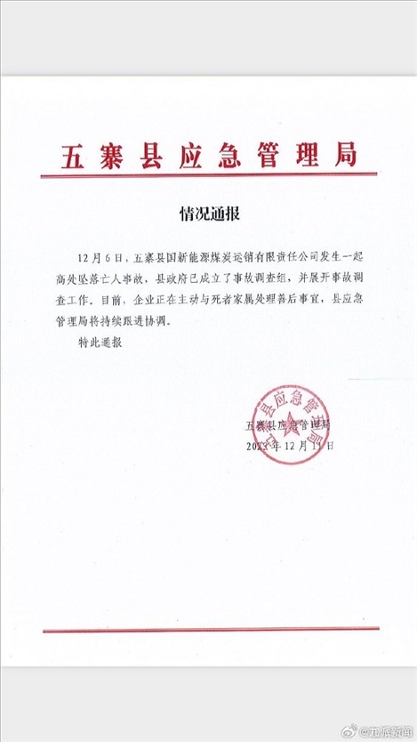 ·國(guó)新能源煤炭運(yùn)銷(xiāo)公司發(fā)生墜亡事故,山西省忻州市五寨縣官方:展開(kāi)調(diào)查。
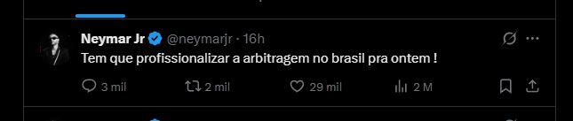 La actuación arbitral fue uno de los focos de la polémica. Y Ney expresó su descontento.¡Tenemos que profesionalizar el arbitraje en Brasil, es para ayer!”, escribió la estrella internacional en referencia al desempeño del juez Rafael Rodrigo Klein. Esta declaración encendió el debate sobre la calidad del arbitraje en el fútbol brasileño y sumó presión en un momento delicado para el club.
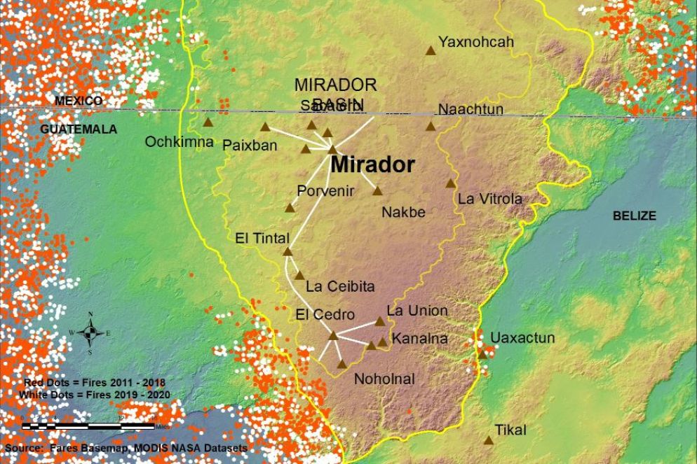 Lo studio interessa l'area del bacino carsico Mirador-Calakmul, che si estende dalla giungla di Peten, nel Guatemala settentrionale, allo stato di Campeche, nel Messico meridionale. In questa zona i ricercatori hanno identificato anche piramidi, campi per il gioco della palla e importanti opere di ingegneria idrica, tra cui serbatoi, dighe e canali di irrigazione. Si ritiene che molti degli insediamenti fossero controllati dalla metropoli oggi nota come El Mirador.

TASK INSTRUCTIONS:
Copy out exactly, with no pictures, the lines of the data from the first one through the line bearing "La actuación arbitral".

RESULT FOR THIS EXERCISE:
 ·國(guó)新能源煤炭運(yùn)銷(xiāo)公司發(fā)生墜亡事故,山西省忻州市五寨縣官方:展開(kāi)調(diào)查。
 La actuación arbitral fue uno de los focos de la polémica. Y Ney expresó su descontento.¡Tenemos que profesionalizar el arbitraje en Brasil, es para ayer!”, escribió la estrella internacional en referencia al desempeño del juez Rafael Rodrigo Klein. Esta declaración encendió el debate sobre la calidad del arbitraje en el fútbol brasileño y sumó presión en un momento delicado para el club.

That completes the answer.